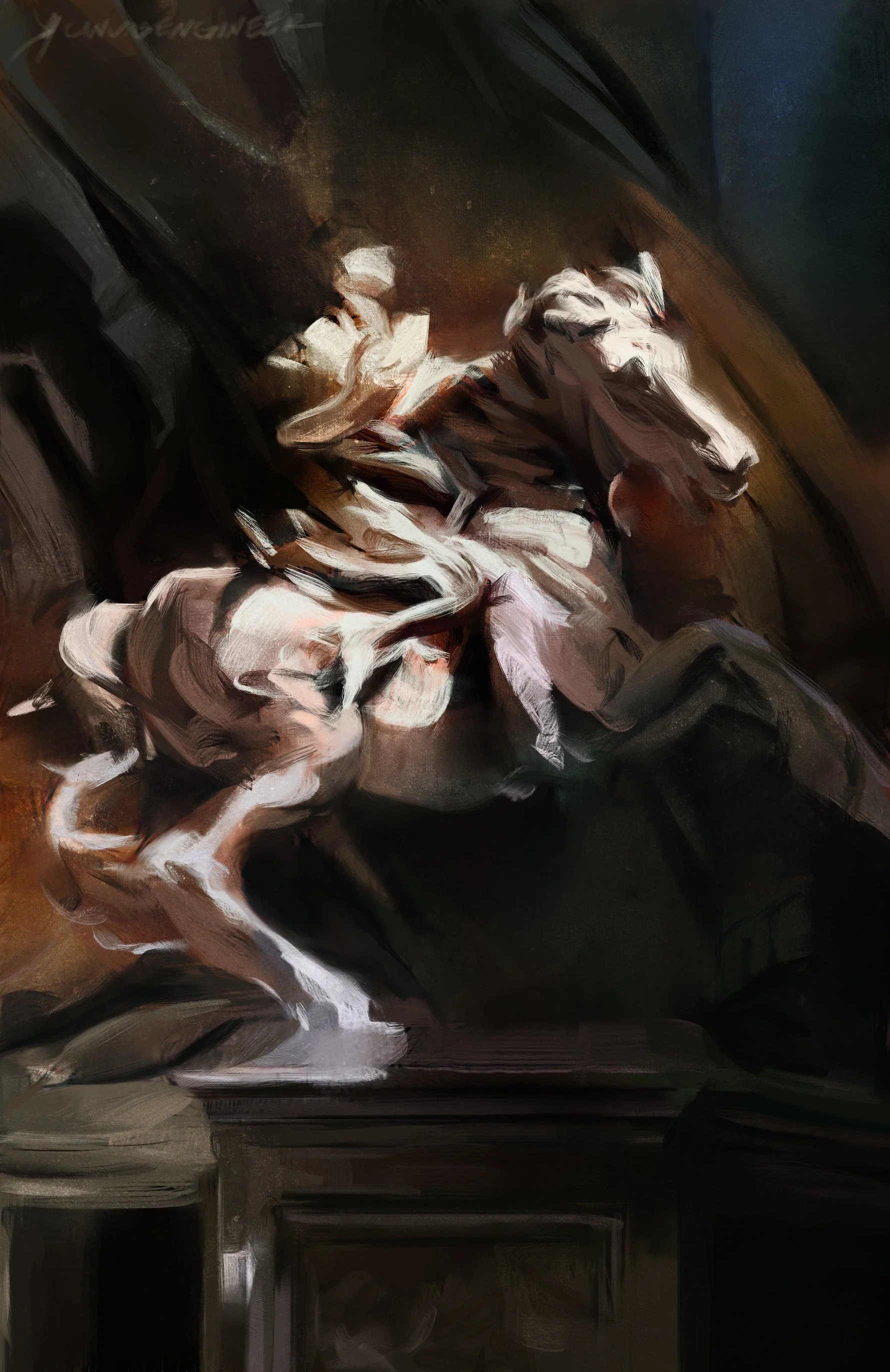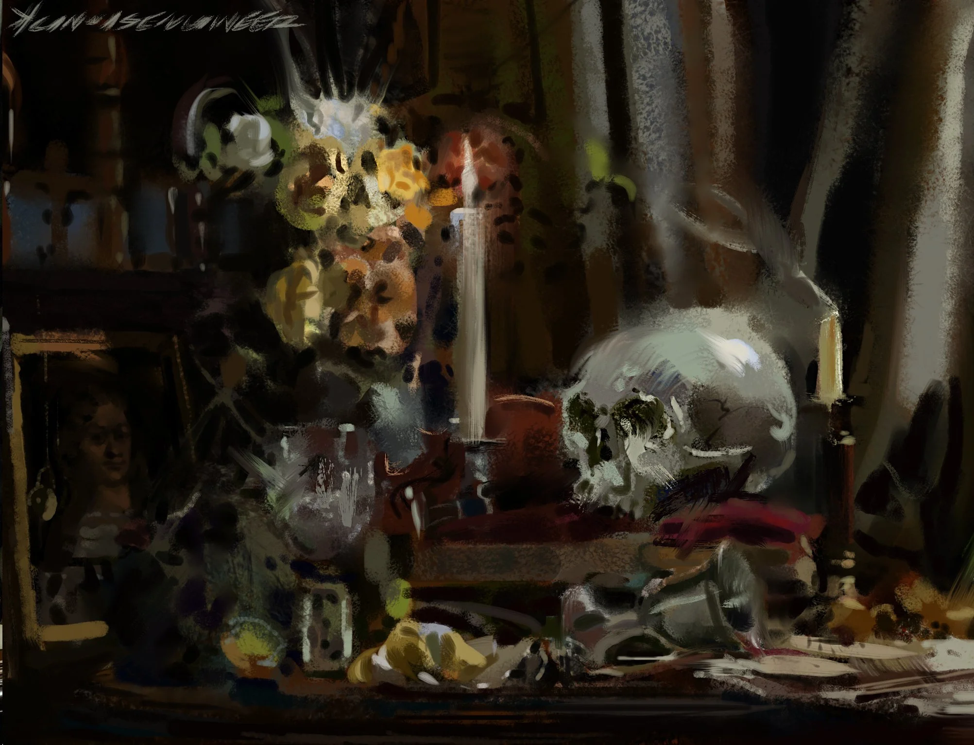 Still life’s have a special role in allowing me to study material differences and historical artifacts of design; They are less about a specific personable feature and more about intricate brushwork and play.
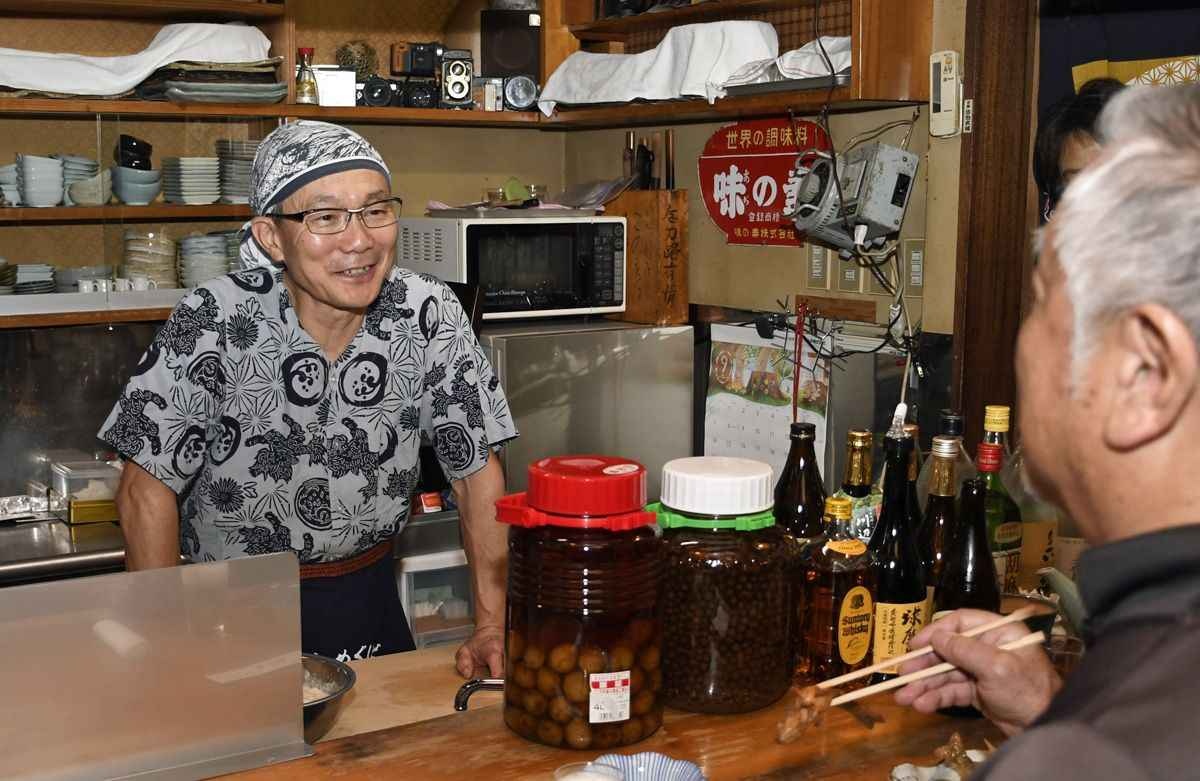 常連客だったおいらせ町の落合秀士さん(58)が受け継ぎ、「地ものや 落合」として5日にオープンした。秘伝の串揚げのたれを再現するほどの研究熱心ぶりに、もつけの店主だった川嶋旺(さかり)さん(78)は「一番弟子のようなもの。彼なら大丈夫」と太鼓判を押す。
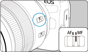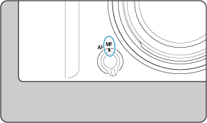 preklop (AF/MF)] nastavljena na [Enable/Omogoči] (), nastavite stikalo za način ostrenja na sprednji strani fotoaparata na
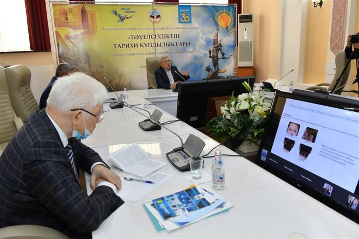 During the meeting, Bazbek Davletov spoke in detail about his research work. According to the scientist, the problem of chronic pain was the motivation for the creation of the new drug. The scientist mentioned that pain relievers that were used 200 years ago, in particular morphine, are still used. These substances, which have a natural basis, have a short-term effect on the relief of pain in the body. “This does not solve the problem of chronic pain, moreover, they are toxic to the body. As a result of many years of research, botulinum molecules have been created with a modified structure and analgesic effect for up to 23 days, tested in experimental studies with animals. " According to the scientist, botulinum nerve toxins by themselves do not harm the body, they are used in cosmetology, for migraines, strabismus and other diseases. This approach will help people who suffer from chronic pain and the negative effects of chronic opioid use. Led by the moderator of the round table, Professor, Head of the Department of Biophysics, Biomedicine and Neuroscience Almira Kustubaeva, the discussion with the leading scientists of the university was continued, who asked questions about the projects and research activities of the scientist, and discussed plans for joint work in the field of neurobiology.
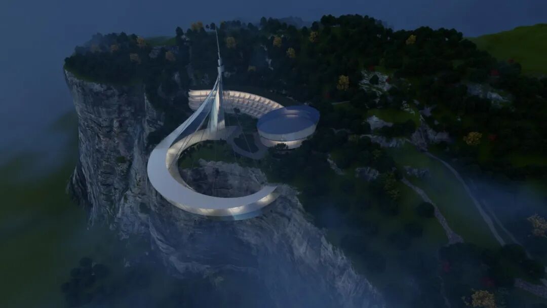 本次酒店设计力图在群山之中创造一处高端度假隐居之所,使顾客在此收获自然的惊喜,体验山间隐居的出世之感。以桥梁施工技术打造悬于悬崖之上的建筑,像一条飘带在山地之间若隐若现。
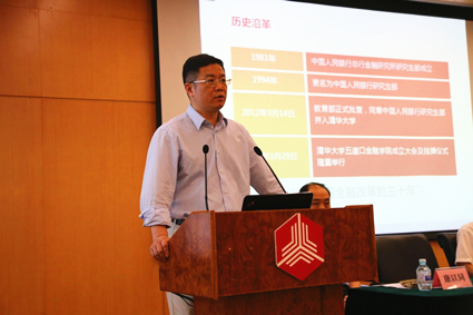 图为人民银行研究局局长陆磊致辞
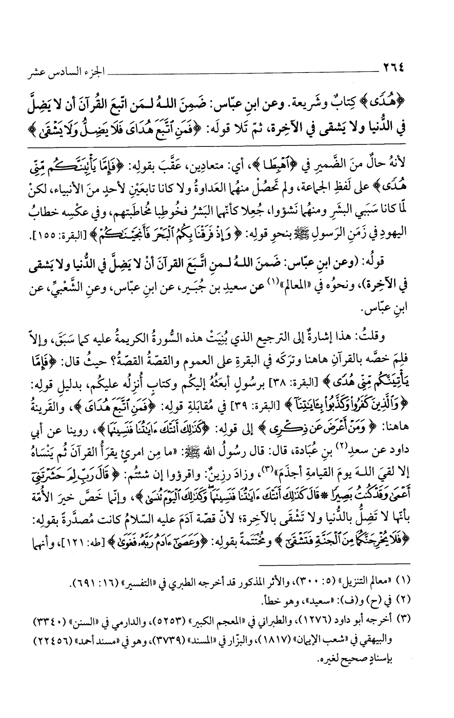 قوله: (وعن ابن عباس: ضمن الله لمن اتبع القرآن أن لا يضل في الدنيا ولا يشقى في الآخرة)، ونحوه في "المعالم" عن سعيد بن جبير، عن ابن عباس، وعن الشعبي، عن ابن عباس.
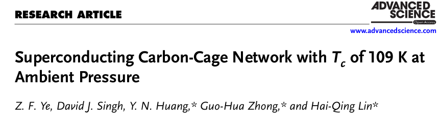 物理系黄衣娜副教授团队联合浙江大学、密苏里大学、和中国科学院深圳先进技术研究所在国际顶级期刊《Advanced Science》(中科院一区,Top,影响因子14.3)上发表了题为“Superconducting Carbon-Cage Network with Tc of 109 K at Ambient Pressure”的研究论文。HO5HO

☆ ☆ ☆ ☆

WHAT TO DO — Retype all the entries exactly; drop the pictures.

ANSWER BOX —
 Still life’s have a special role in allowing me to study material differences and historical artifacts of design; They are less about a specific personable feature and more about intricate brushwork and play.
 常連客だったおいらせ町の落合秀士さん(58)が受け継ぎ、「地ものや 落合」として5日にオープンした。秘伝の串揚げのたれを再現するほどの研究熱心ぶりに、もつけの店主だった川嶋旺(さかり)さん(78)は「一番弟子のようなもの。彼なら大丈夫」と太鼓判を押す。
 preklop (AF/MF)] nastavljena na [Enable/Omogoči] (), nastavite stikalo za način ostrenja na sprednji strani fotoaparata na
 During the meeting, Bazbek Davletov spoke in detail about his research work. According to the scientist, the problem of chronic pain was the motivation for the creation of the new drug. The scientist mentioned that pain relievers that were used 200 years ago, in particular morphine, are still used. These substances, which have a natural basis, have a short-term effect on the relief of pain in the body. “This does not solve the problem of chronic pain, moreover, they are toxic to the body. As a result of many years of research, botulinum molecules have been created with a modified structure and analgesic effect for up to 23 days, tested in experimental studies with animals. " According to the scientist, botulinum nerve toxins by themselves do not harm the body, they are used in cosmetology, for migraines, strabismus and other diseases. This approach will help people who suffer from chronic pain and the negative effects of chronic opioid use. Led by the moderator of the round table, Professor, Head of the Department of Biophysics, Biomedicine and Neuroscience Almira Kustubaeva, the discussion with the leading scientists of the university was continued, who asked questions about the projects and research activities of the scientist, and discussed plans for joint work in the field of neurobiology.
 本次酒店设计力图在群山之中创造一处高端度假隐居之所,使顾客在此收获自然的惊喜,体验山间隐居的出世之感。以桥梁施工技术打造悬于悬崖之上的建筑,像一条飘带在山地之间若隐若现。
 图为人民银行研究局局长陆磊致辞
 قوله: (وعن ابن عباس: ضمن الله لمن اتبع القرآن أن لا يضل في الدنيا ولا يشقى في الآخرة)، ونحوه في "المعالم" عن سعيد بن جبير، عن ابن عباس، وعن الشعبي، عن ابن عباس.
 物理系黄衣娜副教授团队联合浙江大学、密苏里大学、和中国科学院深圳先进技术研究所在国际顶级期刊《Advanced Science》(中科院一区,Top,影响因子14.3)上发表了题为“Superconducting Carbon-Cage Network with Tc of 109 K at Ambient Pressure”的研究论文。HO5HO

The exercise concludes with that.